──────── RECORDS PROVIDED ────────

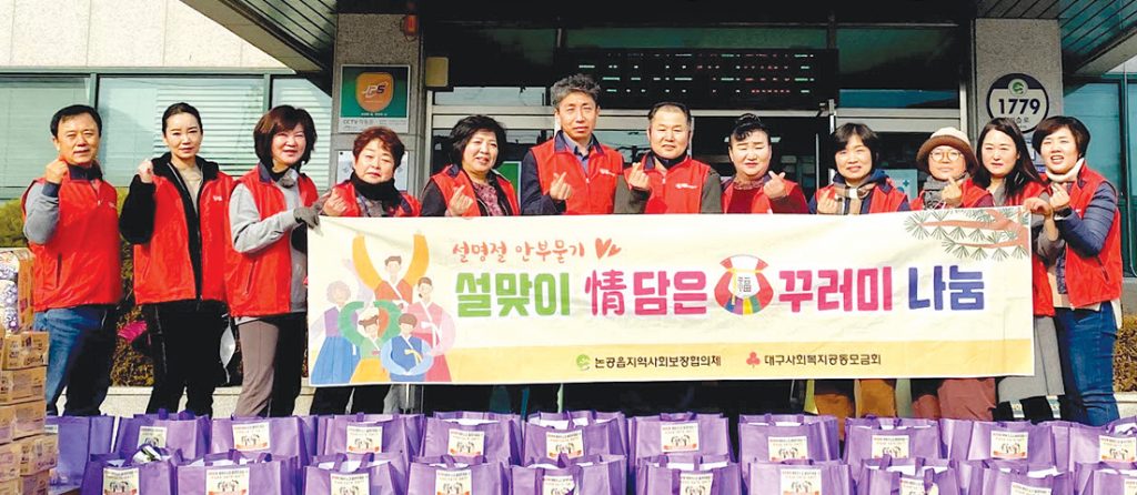 논공읍지역사회보장협의체(공공위원장 김봉식, 민간위원장 이안아)는 훈훈한 설 명절과 나눔 문화 확산을 위해 지난달 18일(수)~24일(화)까지 ‘설명절 정담은 복 꾸러미 나눔 사업’을 펼친다.
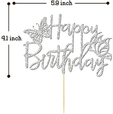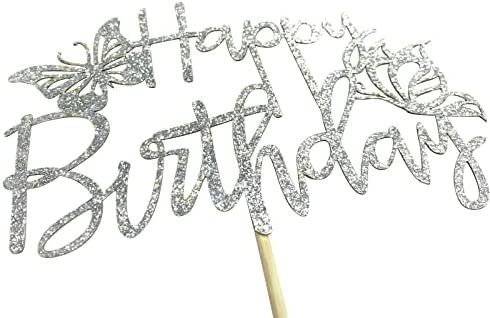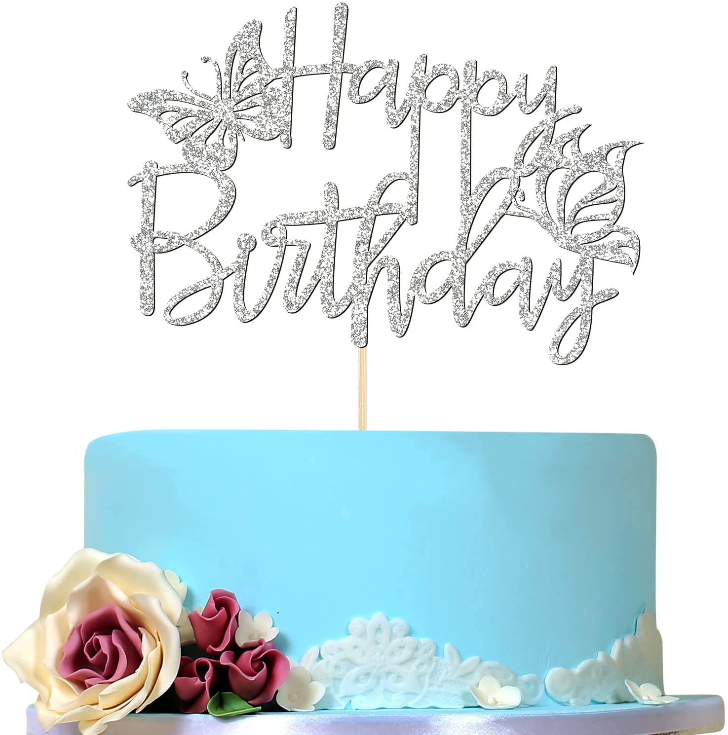 Silver Happy Birthday Cake Topper with Butterfly, Butterfly Cake Decor for Girl 1st 2nd 3rd 4th 5th 10th 21st 30th 35th 40th 50th Birthday, Butterfly Birthday Decorations, Womens Birthday / Wedding Anniversary Party Supplies
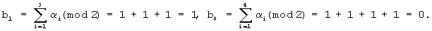 Предлагаемое изобретение относится к способам выполнения вычислительных операций в кодах Грея. Прототипом предлагаемого изобретения является способ сложения целых положительных чисел (ЦПЧ) в двоичном позиционном коде (ДПК). Он заключается, во-первых, в переводе числа из кода Грея (КГ) в ДПК (см. Шевелев Ю.П. Дискретная математика. Часть 2. Учебное пособие. – Томск: Символ – ИДС, 1999, с.36), во-вторых, в сложении ЦПЧ в ДПК (см. Никулин В.Г. Основы вычислительной техники: Учебное пособие. – Иркутск: Ир-ГУПС, 2003, с.27). Алгоритм перевода числа из КГ в ДПК следующий (причем суммирование начинается со старшего разряда): где bk – значение k-го разряда ДПК (k изменяется от старшего разряда к младшему); В результате получим число в ДПК 1010. Алгоритм двух ЦПЧ в ДПК широко известен. Суммирование осуществляется поразрядно. Правила сложения одинаковых разрядов: 0+0=0; 0+1=1; 1+0=1; 1+1=0 (кроме этого 1 переносится в более старший разряд). Сложим по указанному правилу, например, число 1010 в ДПК с тем же числом:
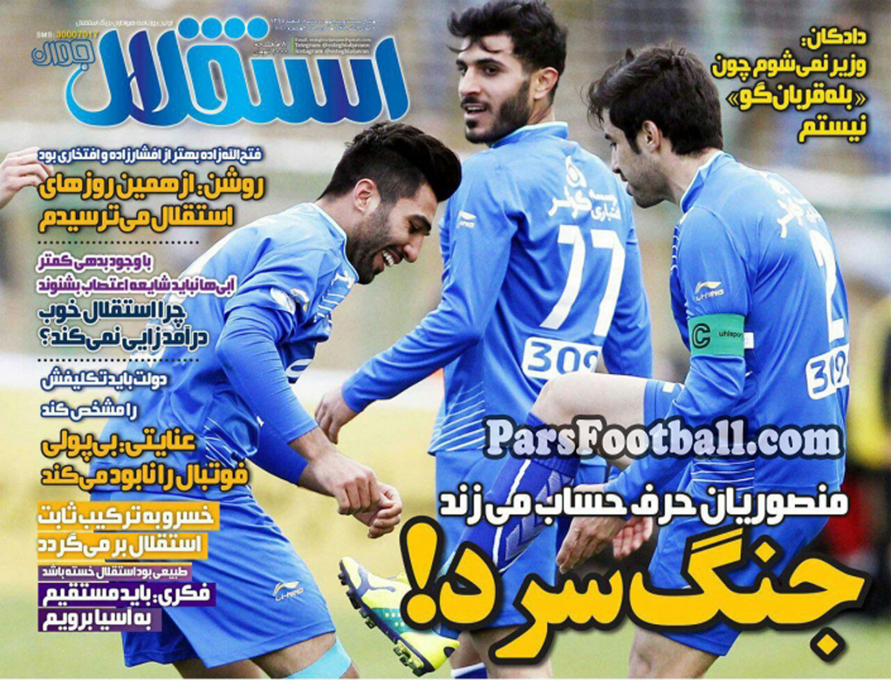روزنامه استقلال جوان ، سهشنبه ۱۷ اسفند ؛ منصوریان حرف حساب میزند
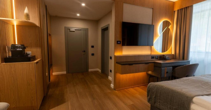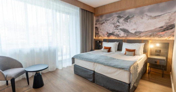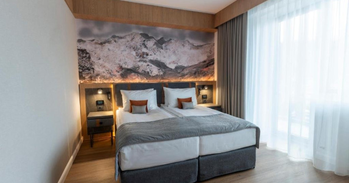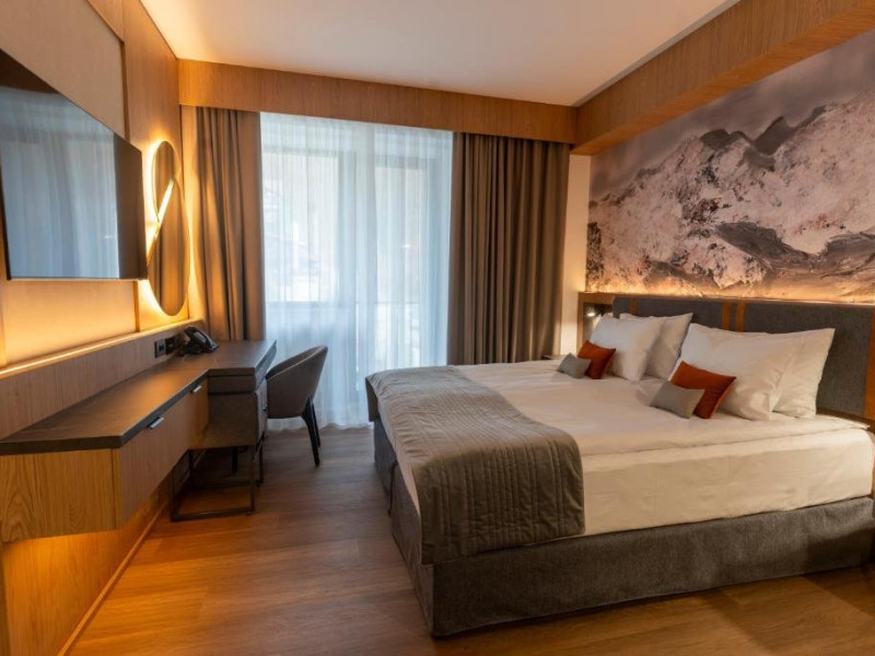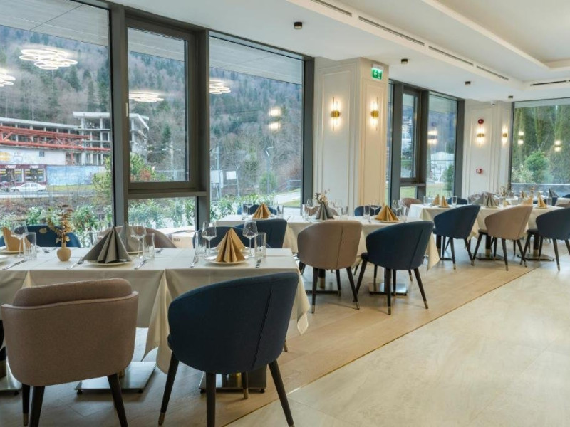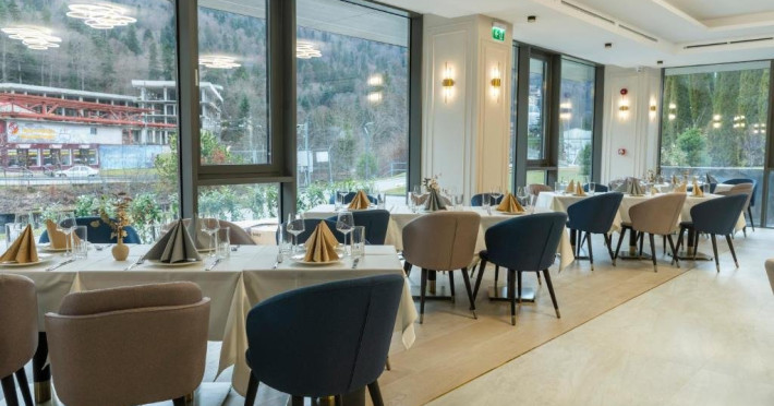 INFORMATII GENERALE Azuga Ski Bike Resort se afla la baza partiei Sorica in statiunea Azuga fiind locatia potrivita atat pentru turistii dornici sa se relaxeze cat si pentru oamenii de afaceri. FACILITATI UNITATE Hotelul dispune de parcare, restaurant, sauna, salina si masaj, sala de fitness, teren de sport exterior, sala de conferinte. Telegondola Azuga a fost pusa in functiune in decembrie 2007 si asigura transportul turistilor de la baza partiilor Sorica pe culmea Sorica la o altitudine de 1540 m. Aceasta se adreseaza in principal skiorilor si amatorilor de mountain bike. DESCRIERE CAMERE Camerele duble dispun de pat matrimonial sau doua paturi twin. Camerele ofera o privire panoramica spre Muntii Bucegi si Muntii Baiului. Toate camerele sunt dotate cu: baie proprie, acces internet, TV satelit, linie telefonica interna. LOCALIZARE Hotelul este situat pe Valea Prahovei la baza partiei Sorica, la 2 km de DN 1, la 50 m de partia de schi si la 100 m de telegondola. ATRACTII TURISTICE Partia Sorica, Partia Cazacu, Castelul Cantacuzino, Parc Ecaterina Teodoroiu, Casa memoriala George Enescu. La aproximativ 10 km se afla Castelul Peles si Castelul Pelisor. POLITICI Nu se accepta animale de companie. SERVICII DE MASA Restaurantul hotelului are o capacitate de 100 locuri si pune la dispozitia turistilor preparate internationale. FACILITATI EVENIMENTE Hotelul dispune de doua sali de conferinta.
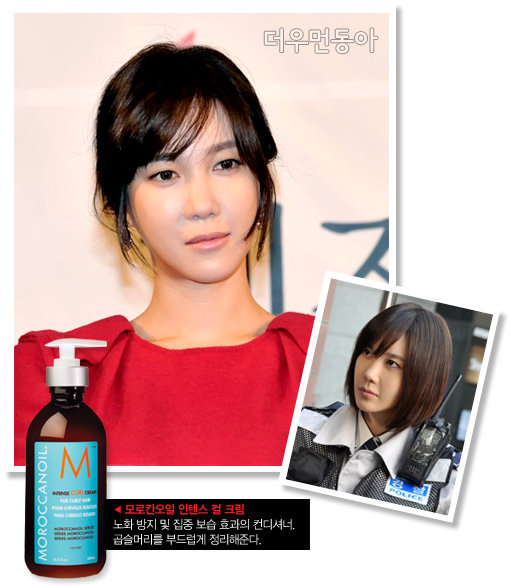 그녀의 담당 헤어디자이너 임철우씨(아우라헤어 원장)는 “보브 단발은 자칫 촌스럽고 밋밋한 느낌을 줄 수 있어 모발 끝에 질감을 줘 율동감있는 스타일을 완성했다”고 설명한다.

────────

EXERCISE GOAL: Please print the listing above again word for word, without its pictures.

TASK RESPONSE:
 논공읍지역사회보장협의체(공공위원장 김봉식, 민간위원장 이안아)는 훈훈한 설 명절과 나눔 문화 확산을 위해 지난달 18일(수)~24일(화)까지 ‘설명절 정담은 복 꾸러미 나눔 사업’을 펼친다.
 Silver Happy Birthday Cake Topper with Butterfly, Butterfly Cake Decor for Girl 1st 2nd 3rd 4th 5th 10th 21st 30th 35th 40th 50th Birthday, Butterfly Birthday Decorations, Womens Birthday / Wedding Anniversary Party Supplies
 Предлагаемое изобретение относится к способам выполнения вычислительных операций в кодах Грея. Прототипом предлагаемого изобретения является способ сложения целых положительных чисел (ЦПЧ) в двоичном позиционном коде (ДПК). Он заключается, во-первых, в переводе числа из кода Грея (КГ) в ДПК (см. Шевелев Ю.П. Дискретная математика. Часть 2. Учебное пособие. – Томск: Символ – ИДС, 1999, с.36), во-вторых, в сложении ЦПЧ в ДПК (см. Никулин В.Г. Основы вычислительной техники: Учебное пособие. – Иркутск: Ир-ГУПС, 2003, с.27). Алгоритм перевода числа из КГ в ДПК следующий (причем суммирование начинается со старшего разряда): где bk – значение k-го разряда ДПК (k изменяется от старшего разряда к младшему); В результате получим число в ДПК 1010. Алгоритм двух ЦПЧ в ДПК широко известен. Суммирование осуществляется поразрядно. Правила сложения одинаковых разрядов: 0+0=0; 0+1=1; 1+0=1; 1+1=0 (кроме этого 1 переносится в более старший разряд). Сложим по указанному правилу, например, число 1010 в ДПК с тем же числом:
روزنامه استقلال جوان ، سهشنبه ۱۷ اسفند ؛ منصوریان حرف حساب میزند
 INFORMATII GENERALE Azuga Ski Bike Resort se afla la baza partiei Sorica in statiunea Azuga fiind locatia potrivita atat pentru turistii dornici sa se relaxeze cat si pentru oamenii de afaceri. FACILITATI UNITATE Hotelul dispune de parcare, restaurant, sauna, salina si masaj, sala de fitness, teren de sport exterior, sala de conferinte. Telegondola Azuga a fost pusa in functiune in decembrie 2007 si asigura transportul turistilor de la baza partiilor Sorica pe culmea Sorica la o altitudine de 1540 m. Aceasta se adreseaza in principal skiorilor si amatorilor de mountain bike. DESCRIERE CAMERE Camerele duble dispun de pat matrimonial sau doua paturi twin. Camerele ofera o privire panoramica spre Muntii Bucegi si Muntii Baiului. Toate camerele sunt dotate cu: baie proprie, acces internet, TV satelit, linie telefonica interna. LOCALIZARE Hotelul este situat pe Valea Prahovei la baza partiei Sorica, la 2 km de DN 1, la 50 m de partia de schi si la 100 m de telegondola. ATRACTII TURISTICE Partia Sorica, Partia Cazacu, Castelul Cantacuzino, Parc Ecaterina Teodoroiu, Casa memoriala George Enescu. La aproximativ 10 km se afla Castelul Peles si Castelul Pelisor. POLITICI Nu se accepta animale de companie. SERVICII DE MASA Restaurantul hotelului are o capacitate de 100 locuri si pune la dispozitia turistilor preparate internationale. FACILITATI EVENIMENTE Hotelul dispune de doua sali de conferinta.
 그녀의 담당 헤어디자이너 임철우씨(아우라헤어 원장)는 “보브 단발은 자칫 촌스럽고 밋밋한 느낌을 줄 수 있어 모발 끝에 질감을 줘 율동감있는 스타일을 완성했다”고 설명한다.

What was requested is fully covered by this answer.